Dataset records
[Start of section]
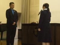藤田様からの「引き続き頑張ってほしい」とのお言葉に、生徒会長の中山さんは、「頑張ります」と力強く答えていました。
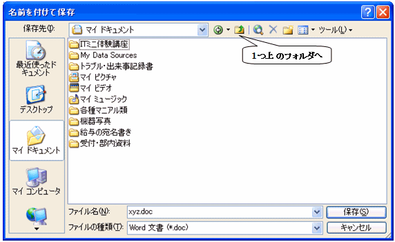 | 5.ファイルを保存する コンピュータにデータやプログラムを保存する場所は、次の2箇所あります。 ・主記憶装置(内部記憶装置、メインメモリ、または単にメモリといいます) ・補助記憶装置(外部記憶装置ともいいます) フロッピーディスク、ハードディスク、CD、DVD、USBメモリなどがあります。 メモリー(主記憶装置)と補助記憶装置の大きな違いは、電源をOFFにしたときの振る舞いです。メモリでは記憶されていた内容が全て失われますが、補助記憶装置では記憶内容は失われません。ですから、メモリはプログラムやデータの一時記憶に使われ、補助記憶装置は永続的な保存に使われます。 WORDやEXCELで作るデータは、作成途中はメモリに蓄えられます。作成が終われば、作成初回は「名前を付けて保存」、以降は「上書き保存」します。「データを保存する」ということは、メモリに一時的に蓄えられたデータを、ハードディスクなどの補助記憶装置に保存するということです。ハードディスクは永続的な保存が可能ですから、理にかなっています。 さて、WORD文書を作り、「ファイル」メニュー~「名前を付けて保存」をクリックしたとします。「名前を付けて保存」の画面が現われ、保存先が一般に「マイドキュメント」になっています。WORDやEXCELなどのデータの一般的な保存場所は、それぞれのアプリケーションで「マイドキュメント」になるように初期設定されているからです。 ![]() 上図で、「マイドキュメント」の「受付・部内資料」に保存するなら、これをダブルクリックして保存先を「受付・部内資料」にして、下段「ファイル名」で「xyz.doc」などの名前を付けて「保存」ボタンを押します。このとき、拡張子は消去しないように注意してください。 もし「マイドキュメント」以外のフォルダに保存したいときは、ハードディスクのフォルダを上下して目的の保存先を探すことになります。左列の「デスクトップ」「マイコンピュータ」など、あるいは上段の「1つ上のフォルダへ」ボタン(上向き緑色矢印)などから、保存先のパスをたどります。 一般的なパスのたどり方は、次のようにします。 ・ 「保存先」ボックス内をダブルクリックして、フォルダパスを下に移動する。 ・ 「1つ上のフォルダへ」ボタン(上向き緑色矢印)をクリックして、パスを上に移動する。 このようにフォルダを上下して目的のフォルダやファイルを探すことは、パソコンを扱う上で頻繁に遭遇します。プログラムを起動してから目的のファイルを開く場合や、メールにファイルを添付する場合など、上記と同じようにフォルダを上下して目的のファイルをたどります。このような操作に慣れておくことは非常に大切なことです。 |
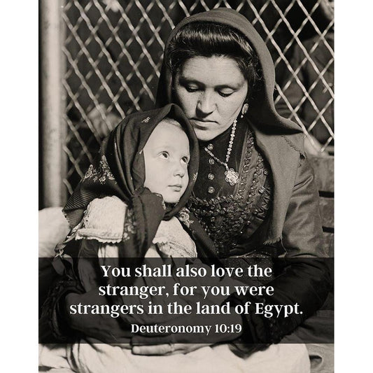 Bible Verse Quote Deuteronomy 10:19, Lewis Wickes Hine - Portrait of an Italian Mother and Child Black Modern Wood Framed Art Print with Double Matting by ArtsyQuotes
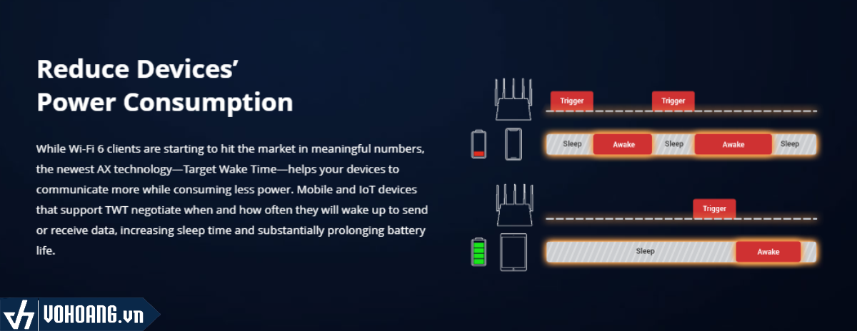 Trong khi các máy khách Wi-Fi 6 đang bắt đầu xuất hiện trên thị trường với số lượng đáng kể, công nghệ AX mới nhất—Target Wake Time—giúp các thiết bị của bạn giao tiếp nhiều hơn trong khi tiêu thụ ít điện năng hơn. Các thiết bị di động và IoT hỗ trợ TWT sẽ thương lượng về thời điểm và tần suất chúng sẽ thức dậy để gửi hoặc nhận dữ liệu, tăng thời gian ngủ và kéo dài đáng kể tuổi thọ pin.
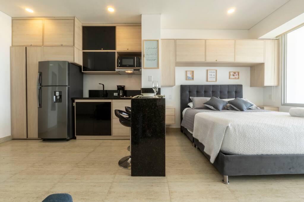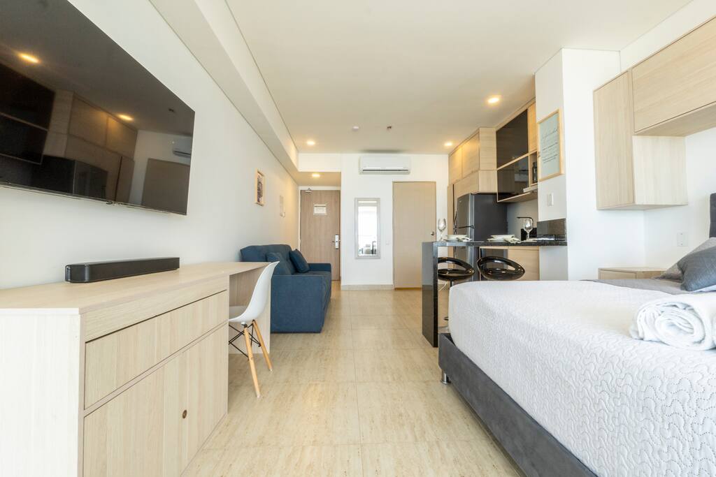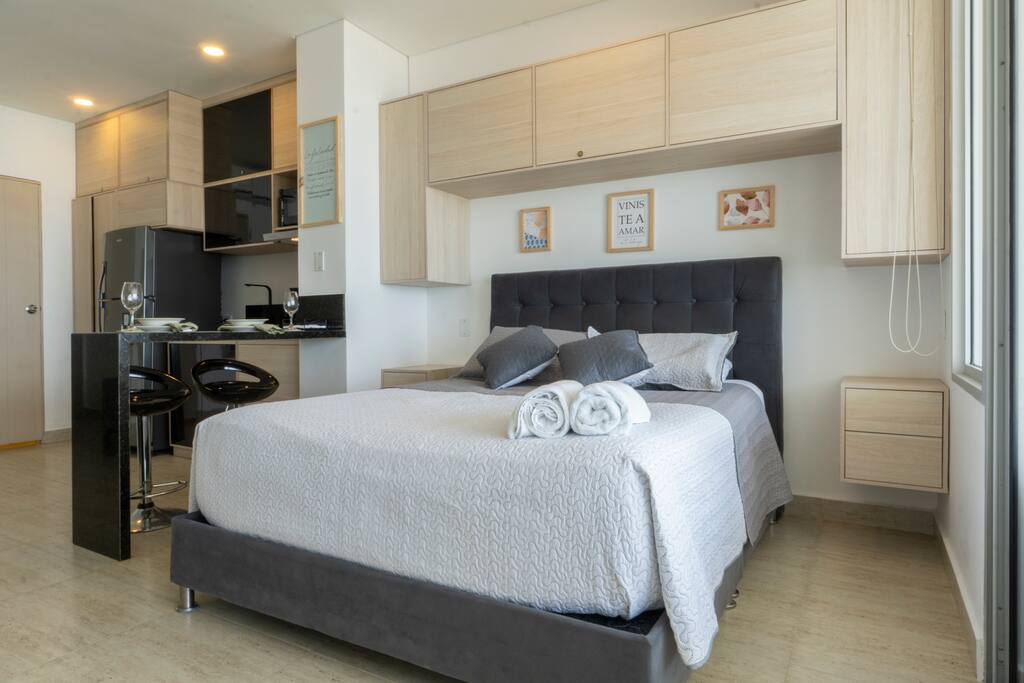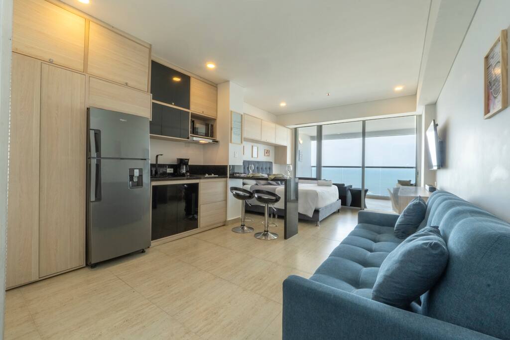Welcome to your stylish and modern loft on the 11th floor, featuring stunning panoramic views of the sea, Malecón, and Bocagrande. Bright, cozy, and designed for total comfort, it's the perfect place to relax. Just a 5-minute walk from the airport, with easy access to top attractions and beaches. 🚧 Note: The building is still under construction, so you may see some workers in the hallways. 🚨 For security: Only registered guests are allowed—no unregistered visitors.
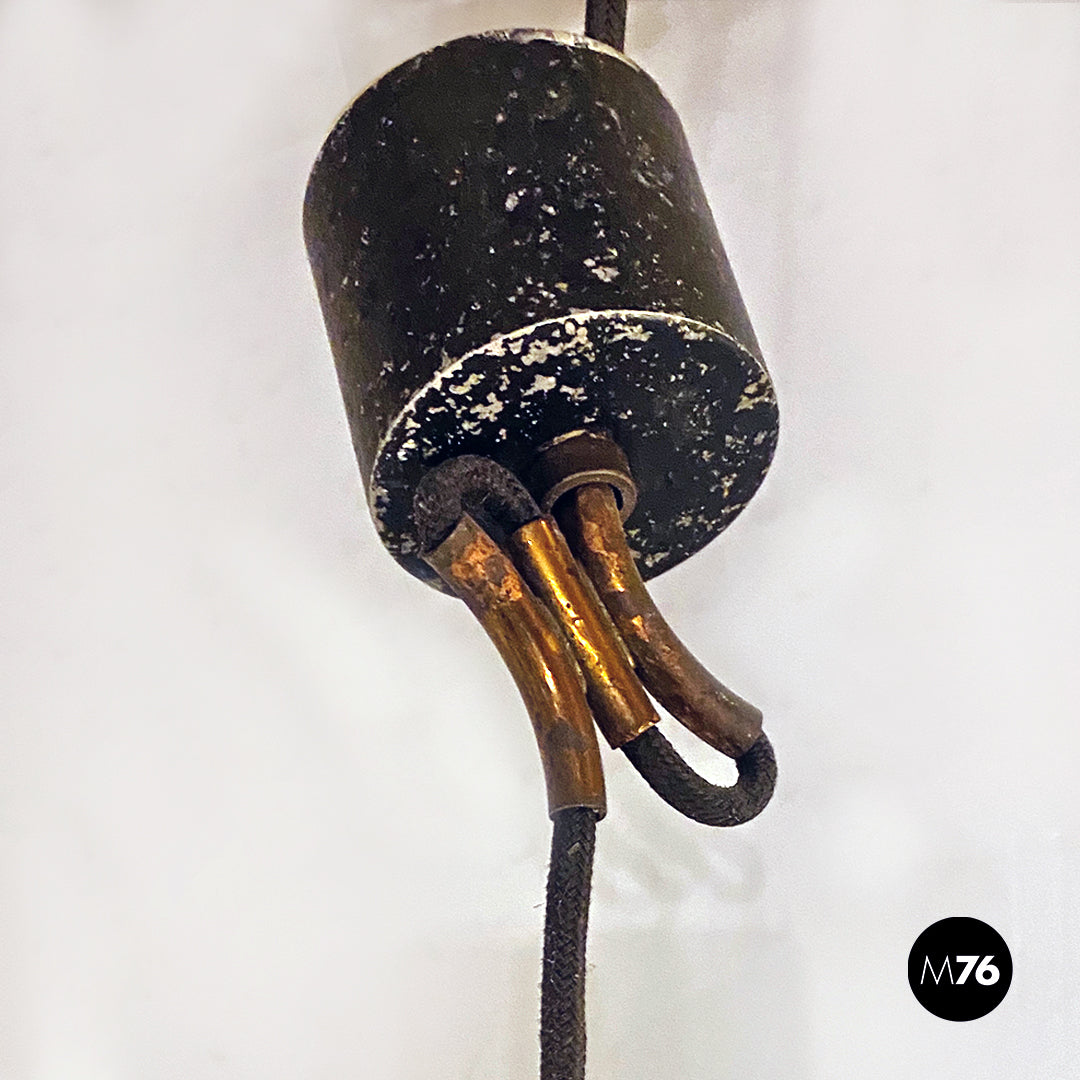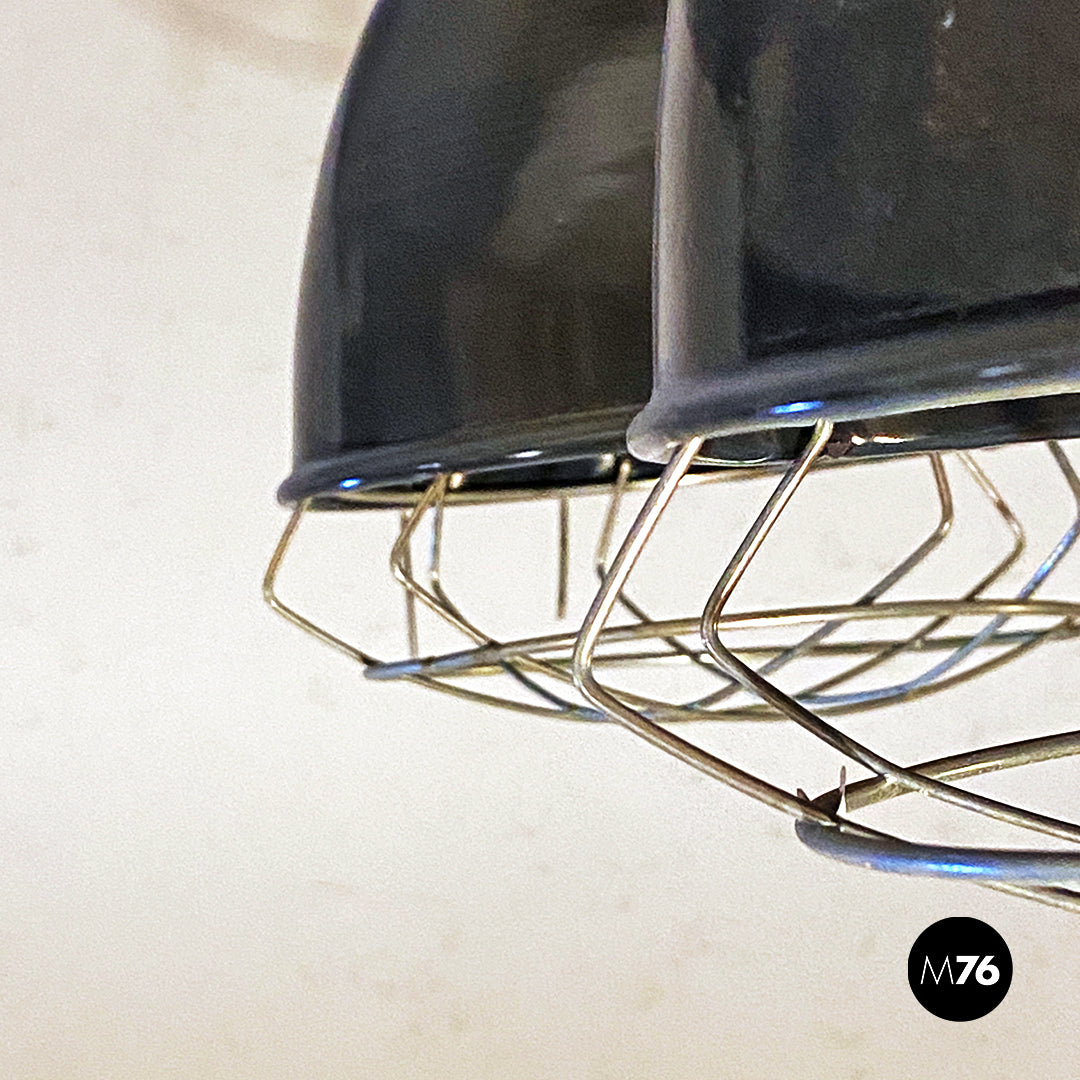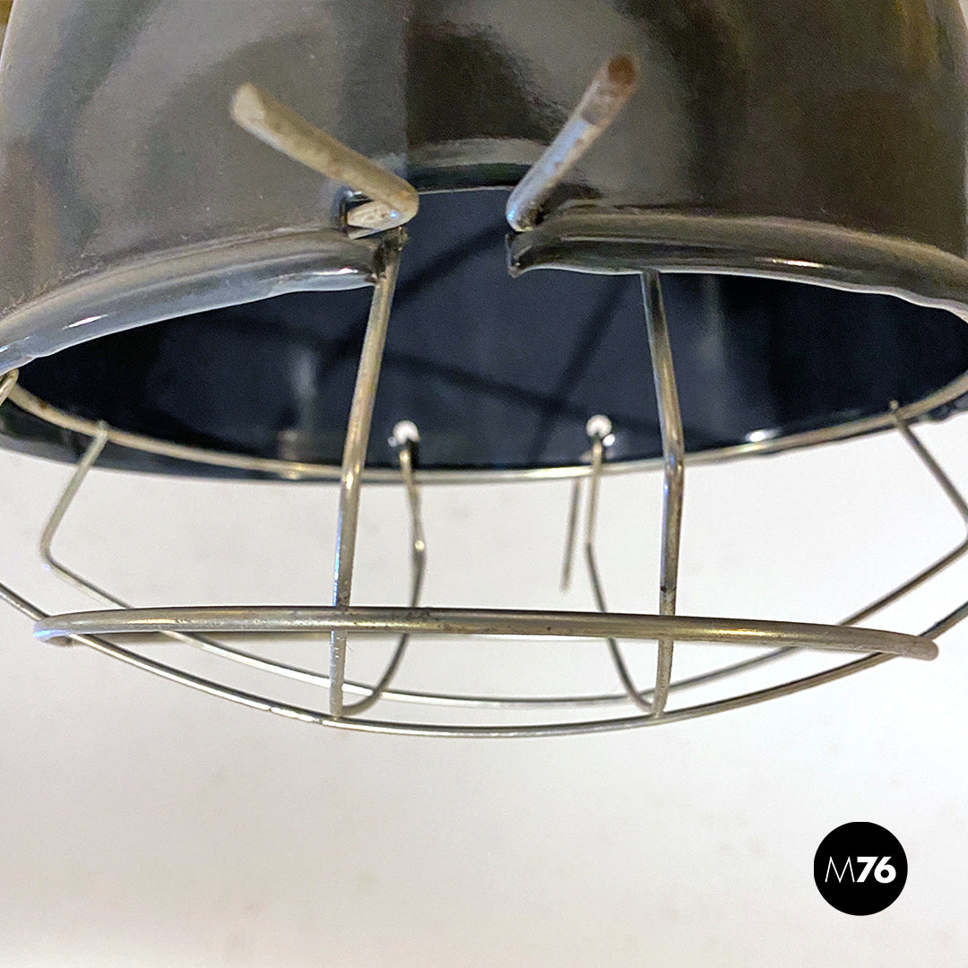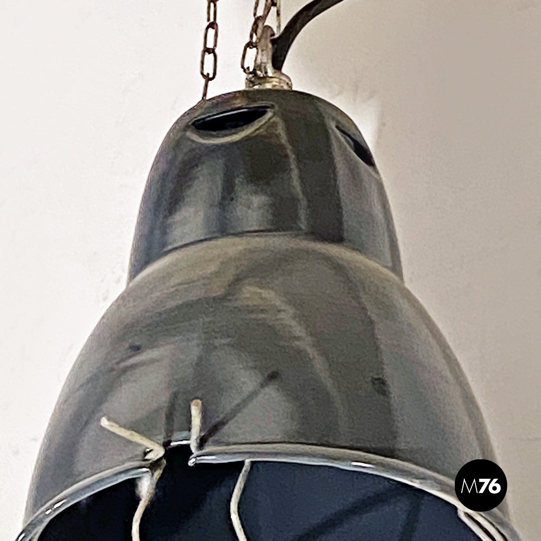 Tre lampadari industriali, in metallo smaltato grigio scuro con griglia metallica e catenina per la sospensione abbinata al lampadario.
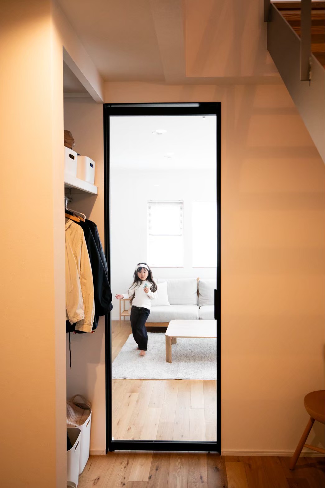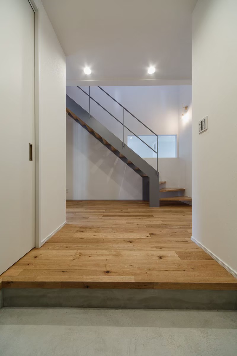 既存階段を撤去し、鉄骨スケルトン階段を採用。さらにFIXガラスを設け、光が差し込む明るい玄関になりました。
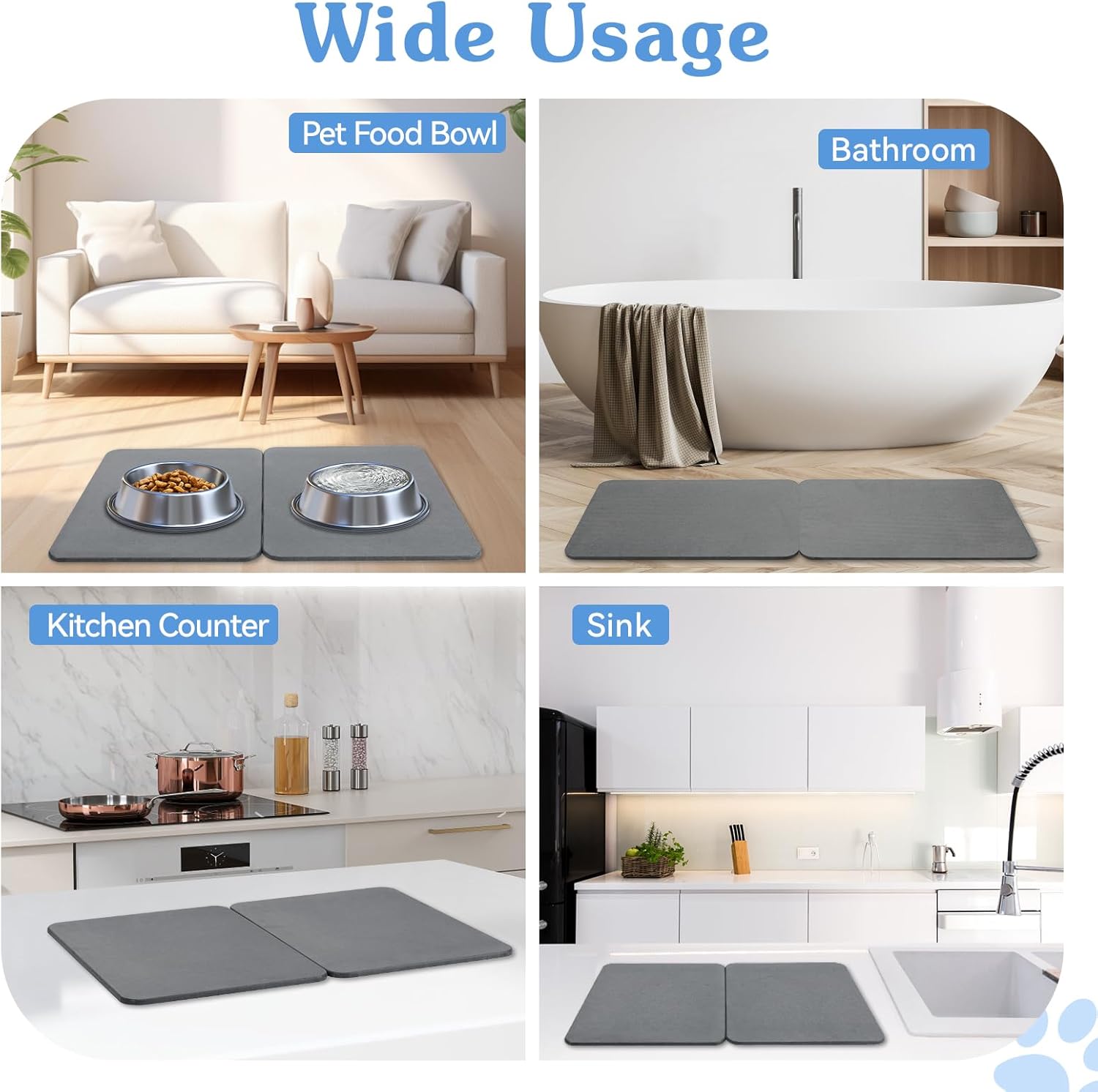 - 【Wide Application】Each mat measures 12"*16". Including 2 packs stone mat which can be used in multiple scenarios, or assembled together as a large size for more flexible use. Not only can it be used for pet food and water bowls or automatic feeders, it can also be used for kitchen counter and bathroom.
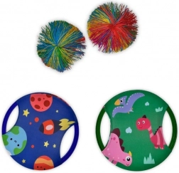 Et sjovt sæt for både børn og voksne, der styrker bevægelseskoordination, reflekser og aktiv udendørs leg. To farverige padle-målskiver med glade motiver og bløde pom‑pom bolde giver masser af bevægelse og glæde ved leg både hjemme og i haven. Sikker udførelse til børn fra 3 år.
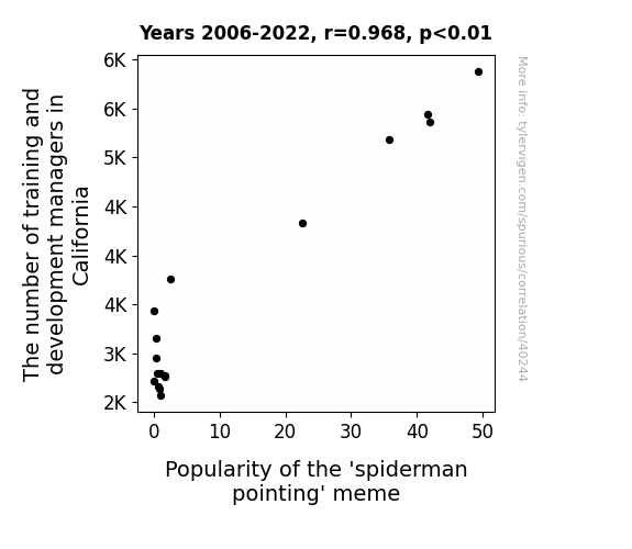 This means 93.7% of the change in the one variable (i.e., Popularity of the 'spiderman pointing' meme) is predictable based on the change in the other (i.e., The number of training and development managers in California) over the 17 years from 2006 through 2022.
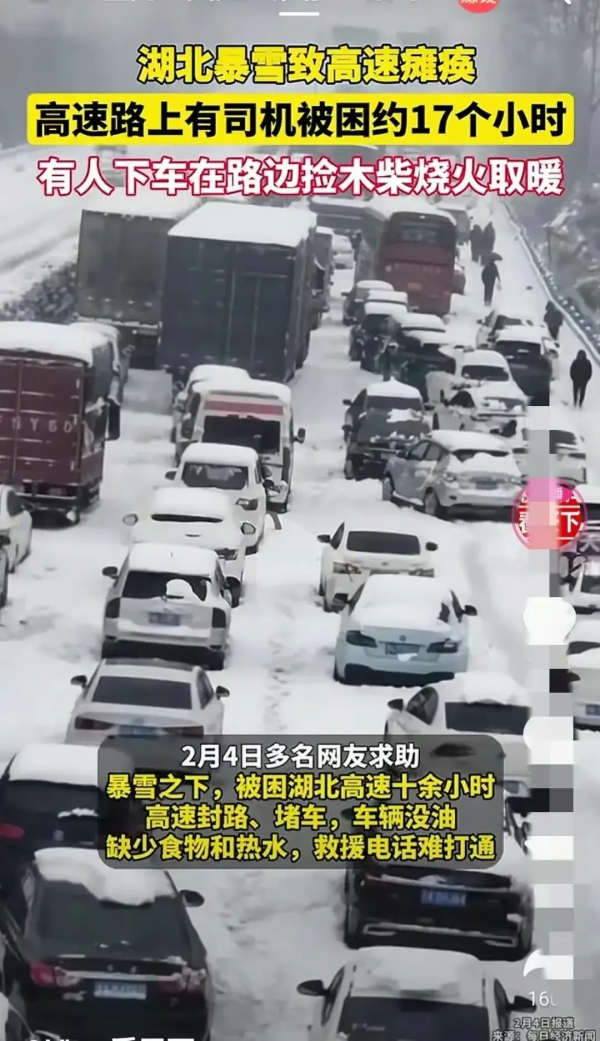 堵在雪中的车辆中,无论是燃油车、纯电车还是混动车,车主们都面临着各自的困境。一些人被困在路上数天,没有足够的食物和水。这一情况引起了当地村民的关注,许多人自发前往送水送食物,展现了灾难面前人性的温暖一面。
[End of section]
Instructions to follow -
Please output the lines above beginning at the line with "一般的なパスのたどり方は、次のようにします。 ・ 「保存先」ボックス内をダブルクリックして、フォルダパスを下に移動する。" and ending after the line with "Bible Verse Quote", precisely as written and with no pictures.

Exercise output -
 | 5.ファイルを保存する コンピュータにデータやプログラムを保存する場所は、次の2箇所あります。 ・主記憶装置(内部記憶装置、メインメモリ、または単にメモリといいます) ・補助記憶装置(外部記憶装置ともいいます) フロッピーディスク、ハードディスク、CD、DVD、USBメモリなどがあります。 メモリー(主記憶装置)と補助記憶装置の大きな違いは、電源をOFFにしたときの振る舞いです。メモリでは記憶されていた内容が全て失われますが、補助記憶装置では記憶内容は失われません。ですから、メモリはプログラムやデータの一時記憶に使われ、補助記憶装置は永続的な保存に使われます。 WORDやEXCELで作るデータは、作成途中はメモリに蓄えられます。作成が終われば、作成初回は「名前を付けて保存」、以降は「上書き保存」します。「データを保存する」ということは、メモリに一時的に蓄えられたデータを、ハードディスクなどの補助記憶装置に保存するということです。ハードディスクは永続的な保存が可能ですから、理にかなっています。 さて、WORD文書を作り、「ファイル」メニュー~「名前を付けて保存」をクリックしたとします。「名前を付けて保存」の画面が現われ、保存先が一般に「マイドキュメント」になっています。WORDやEXCELなどのデータの一般的な保存場所は、それぞれのアプリケーションで「マイドキュメント」になるように初期設定されているからです。 ![]() 上図で、「マイドキュメント」の「受付・部内資料」に保存するなら、これをダブルクリックして保存先を「受付・部内資料」にして、下段「ファイル名」で「xyz.doc」などの名前を付けて「保存」ボタンを押します。このとき、拡張子は消去しないように注意してください。 もし「マイドキュメント」以外のフォルダに保存したいときは、ハードディスクのフォルダを上下して目的の保存先を探すことになります。左列の「デスクトップ」「マイコンピュータ」など、あるいは上段の「1つ上のフォルダへ」ボタン(上向き緑色矢印)などから、保存先のパスをたどります。 一般的なパスのたどり方は、次のようにします。 ・ 「保存先」ボックス内をダブルクリックして、フォルダパスを下に移動する。 ・ 「1つ上のフォルダへ」ボタン(上向き緑色矢印)をクリックして、パスを上に移動する。 このようにフォルダを上下して目的のフォルダやファイルを探すことは、パソコンを扱う上で頻繁に遭遇します。プログラムを起動してから目的のファイルを開く場合や、メールにファイルを添付する場合など、上記と同じようにフォルダを上下して目的のファイルをたどります。このような操作に慣れておくことは非常に大切なことです。 |
 Bible Verse Quote Deuteronomy 10:19, Lewis Wickes Hine - Portrait of an Italian Mother and Child Black Modern Wood Framed Art Print with Double Matting by ArtsyQuotes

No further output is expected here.